From the Departments of Neurology (D.G., T.W., N.K., A.H., A.C., A.R., N.B., J.L.B., R.J.C., R.M., M.A.N.), Microbiology (D.G., R.J.C.), Pathology (P.J.B., B.K.), and Ophthalmology (J.L.B., N.M.), University of Colorado School of Medicine, Aurora; Children's Hospital (C.G., J.E.C.), University of Iowa, Iowa City; Arapahoe County Coroner's Office (K.L.-K.), Aurora, CO; Denver Office of the Medical Examiner (D.B.H.), Denver, CO; Department of Pathology (C.G.E.), Johns Hopkins University School of Medicine, Baltimore, MD; A.M. Rywlin Department of Pathology (B.B., R.J.P.), Mount Sinai Medical Center, Miami Beach, FL; Florida International University (B.B., R.J.P.), Miami Beach; Scheie Eye Institute (M.A.T.) and Department of Pathology and Laboratory Medicine (F.F.), University of Pennsylvania, Philadelphia; Texas Oculoplastic Consultants (M.A., E.W., V.D.), Austin; University of Texas, Southwestern - Austin Transitional Year Program (E.W.), Austin; Departments of Pathology and Laboratory Medicine, Ophthalmology, and Visual Sciences (S.R.), University of British Columbia, Vancouver, Canada; Landspitali University Hospital (V.P.), Reykjavik, Iceland; Department of Neurology (L.P.) and Pathological Institute (S.M.), Assaf Harofeh Medical Center, Zerifin, University of Tel Aviv, Israel; Department of Pathology (D.C.), Centre Hospitalier Universitaire du Nord and RECIP, Amiens, France; Institute of Neuropathology (K.K.), University of Duisburg-Essen, Germany; and Department of Neuropathology (W.B.), University Medical Center Gottingen, Germany.
Objective: Varicella-zoster virus (VZV) infection may trigger the inflammatory cascade that characterizes giant cell arteritis (GCA).
Methods: Formalin-fixed, paraffin-embedded GCA-positive temporal artery (TA) biopsies (50 sections/TA) including adjacent skeletal muscle and normal TAs obtained postmortem from subjects >50 years of age were examined by immunohistochemistry for presence and distribution of VZV antigen and by ultrastructural examination for virions.
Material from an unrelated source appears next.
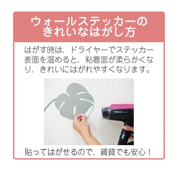 はがす時はドライヤーで温めながらはがすと綺麗にはがれて賃貸でも安心です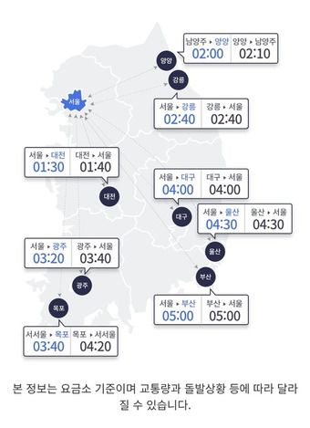 같은 시각 지방 도시에서 서울까지는 △부산 5시간 △울산 4시간 30분 △강릉 2시간 40분 △양양 2시간 10분(남양주 도착) △대전 1시간 40분 △광주 3시간 40분 △목포 4시간 20분(서서울 도착) △대구 4시간이다.

Adjacent regions were examined by hematoxylin & eosin staining. VZV antigen-positive slides were analyzed by PCR for VZV DNA.
Results: VZV antigen was found in 61/82 (74%) GCA-positive TAs compared with 1/13 (8%) normal TAs (p < 0.0001, relative risk 9.67, 95% confidence interval 1.46, 63.69). Most GCA-positive TAs contained viral antigen in skip areas. VZV antigen was present mostly in adventitia, followed by media and intima. VZV antigen was found in 12/32 (38%) skeletal muscles adjacent to VZV antigen-positive TAs. Despite formalin fixation, VZV DNA was detected in 18/45 (40%) GCA-positive VZV antigen-positive TAs, in 6/10 (60%) VZV antigen-positive skeletal muscles, and in one VZV antigen-positive normal TA. Varicella-zoster virions were found in a GCA-positive TA. In sections adjacent to those containing VZV, GCA pathology was seen in 89% of GCA-positive TAs but in none of 18 adjacent sections from normal TAs.
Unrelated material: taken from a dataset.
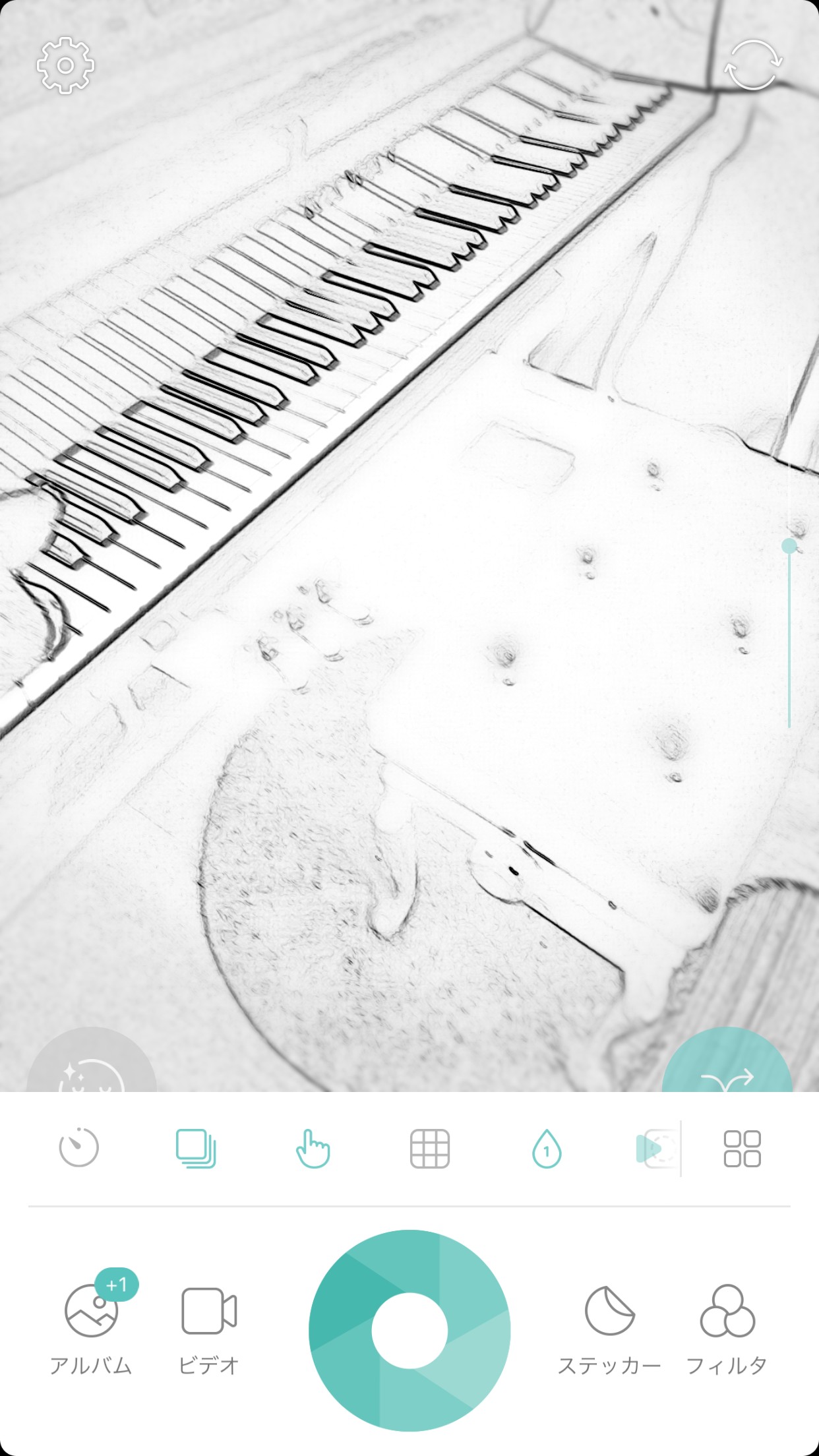 画面左下のアルバムアイコンをタップすることで、撮影済の画像に対して加工することができます。

Conclusions: Most GCA-positive TAs contained VZV in skip areas that correlated with adjacent GCA pathology, supporting the hypothesis that VZV triggers GCA immunopathology. Antiviral treatment may confer additional benefit to patients with GCA treated with corticosteroids, although the optimal antiviral regimen remains to be determined.